LUXURIATING in Sunday’s sunshine on a Coombe Bissett hilltop, I was transported to a previous life, 200 miles and 30 years away.

Sheepdogs were the common factor that took me back.

We’d stopped off for a couple of hours to watch the charity trials run by sheep farmers Rob and Anna Hawke.

Now in their tenth year, they attract competitors from as far afield as Cornwall, Lancashire and Wales, vying for points to qualify for the nationals.

This year’s entrants included Dick Roper, seen on Countryfile just a week or so ago winning One Man and His Dog.

As young marrieds we spent four years in the Peak District, first in a rented cottage under the shadow of the spectacular Stanage Edge, later buying and renovating an equally isolated but sadly dilapidated cottage a mile from the wonderfully named village of Sparrowpit.

For the first six months of the project the two of us, and our border collie, lived in a caravan in the garden.

I used to go to all the local sheepdog trials, filled with admiration for those amazingly clever animals and enjoying the efforts of their owners, a succession of eccentric hill farmers, to get the better of some surprisingly stroppy sheep.

Our own collie, I ought to say, was not of the working or even particularly obedient variety, but a rescued stray.

He was a quirky animal, loving and protective towards the family but downright unfriendly to passers-by, regarding bicycle wheels and walking sticks as twin threats to the security of the universe.

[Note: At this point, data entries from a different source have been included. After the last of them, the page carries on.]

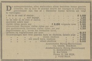 Vanaf dat jaar is bovendien duidelijk dat de stalhouders van de stad, ook de Riemers, serieus aan kartelvorming doen en dat blijven doen tot in de 20ste eeuw, wanneer ze in een gezamenlijke verklaring in de Arnhemsche Courant op 23 september aankondigen hun prijzen te moeten verhogen vanwege de stijgende kosten. Een ritje met een vigilant naar comedy of concert kost vijftig cent, een retourtje anderhalve gulden – uiteraard ging dan het nachttarief in.
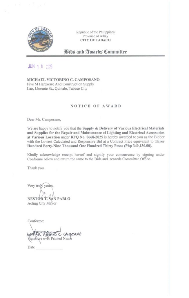 Notice of Award: Supply & Delivery of Various Electrical Materials & Supplies for the Repair & Maintenance of Lighting & Electrical Accessories at Various Location, PR No. 25-06-0776 2025, Bids and Awards - Posted by: [ Melissa Biron] Download: Award Reso-25-06-0776 – Five M Hardware & Construction Supply Download Notice of Award-25-06-0776 – Five M Hardware & Construction Supply Download Purchase Order-25-06-0776 – Five M Hardware & Construction SupplyDownload
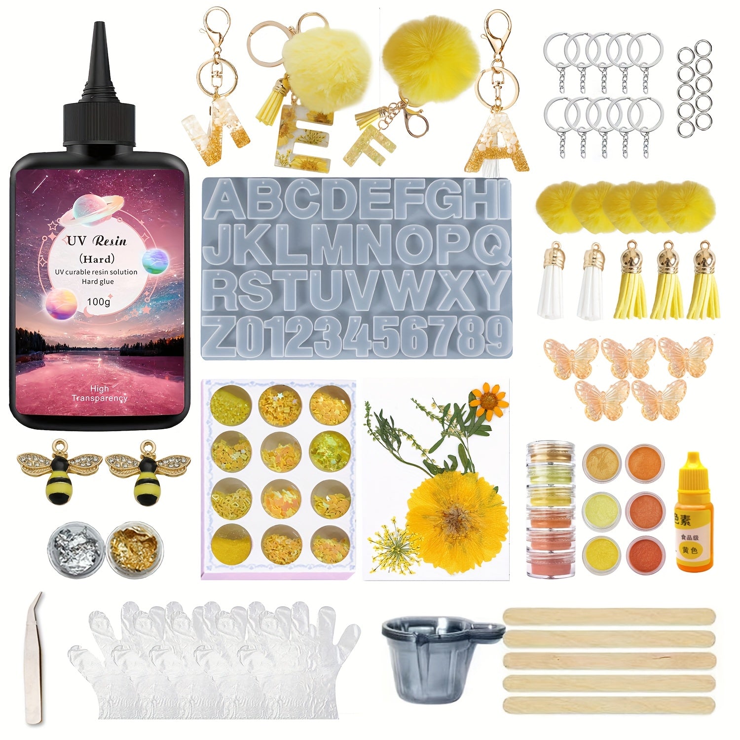 UV Resin Jewelry Making Kit for Beginners - 100g Clear Fast-Curing Resin with Silicone Molds & Dried Flowers | All-in-One Starter Pack (Measuring Cups, Gloves, Stir Sticks) | DIY Necklace Keychain Earrings Craft Supplies |Bub
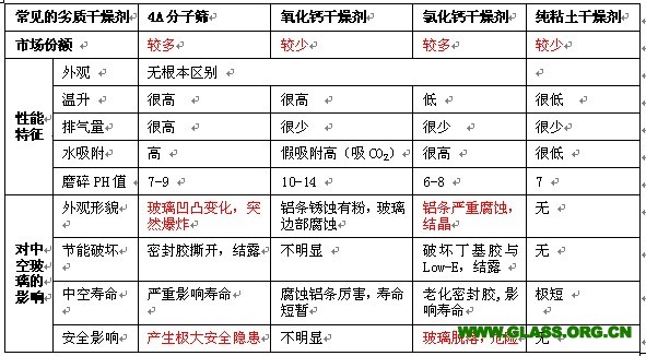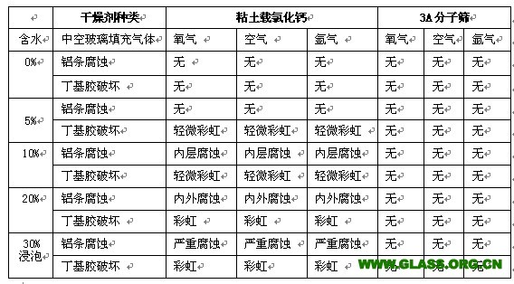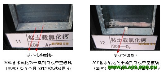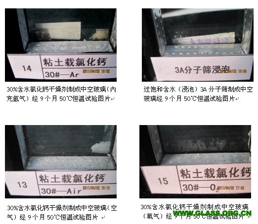 粘土載氯化鈣類干燥劑對中空玻璃的影響試驗結果
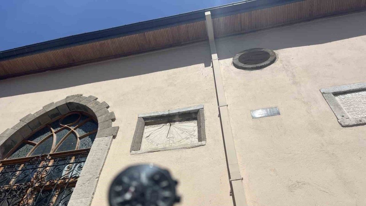 Güneş saatinin çalışması hakkında bilgi veren Dr. İsmail Kuğu, "Bu yapının en önemli unsurlarından bir tanesi yapının Anadolu’daki en eski güneş saatine ev sahipliği yapması, bu noktada çok önemli. Bahsettiğimiz gibi yapının ilk yapılışından itibaren buraya ibadet zamanlarını ve vakti takip edip tayin etmek için bir güneş saati kondurulmuş. Bu güneş saati yapının güney mihrap duvarına biraz orta kısma doğru yerleştirilmiş. 70 santim eninde mermer olarak tamamlanmış. Sağlam vaziyetteki bir milin merkez teşkil ettiği 15 derecelik aralıklarla çizilmiş çizgileriyle bunları alt tarafta sınırlayan iki yarım daireden meydana gelmekte. Bu saat yarım daire şeklinde iki kavis, ince bir bant oluşturuyor. Bu sistemde aslında güneşin doğuşu ve batışı 12 olarak kabul edilmiş. Saatin mili de tam 6’yı gösteriyor ve bunun hemen hemen altında, sağında noktalarla gösterilen bir çizgi var. Bunun yanında öğlen vakti ibaresi bulunan yazı var, ayrıca saat onu gösteren dilimin içinde de ikindi vaktini gösteren ibare bulunuyor. Saatin altında ise namaz vakitleri yazıları bulunuyor. Bu camide de Anadolu’daki en eski güneş saatini görmekteyiz. Anadolu’da farklı dönemlere ait 150 kadar güneş saati bulunuyor. Bu saat aslında milin bulunduğu bölge tam saat 6’yı ifade ediyor. 12 saatlik bir dilimde 15’er derecelik açılarla 12 dilime ayrılmış bu saat 2 vakit arasındaki zamanı tam olarak tayin eder. Güneş ışınlarıyla birlikte mildeki görüntünün de saat üzerindeki vakitlere yansımasıyla çalışıyor" diye konuştu.
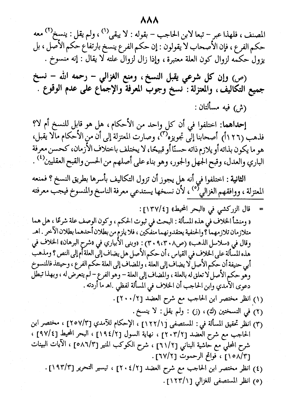 (ص) وإن كل شرعي يقبل النسخ، ومنع الغزالي رحمه الله نسخ جميع التكاليف، والمعتزلة: نسخ وجوب المعرفة والإجماع على عدم الوقوع.

Those were the days of creeping home across the icy Snake Pass in a tinny little Renault 4 at 2am after a night shift in Manchester.

Of snowploughs digging us out, and 5ft high mounds of the white stuff towering on either side of our narrow lane, where the only way out was uphill.

Of abandoning the car a mile from home and staggering, five months pregnant, through horizontal blizzards in the dark, every so often dropping thigh-deep into hidden dips in the fields whilst trying to spot the distant porch light.

Everyday life was an adventure.

I hesitate to tempt fate, but nowadays ours is a much tamer affair, down here in the softie South, where the temperature at 4 o’clock on this October afternoon registered 28 degrees, according to my car.

Still, how much nicer to be warm and still be able to enjoy the low-key charm of an event such as this, where onlookers chatted to whoever happened to be standing next to them while patient parents tried to explain the rules to puzzled children, and Poppy the lurcher looked on in fascination as dogs were not just allowed, but actively encouraged to run away from their owners and chase things.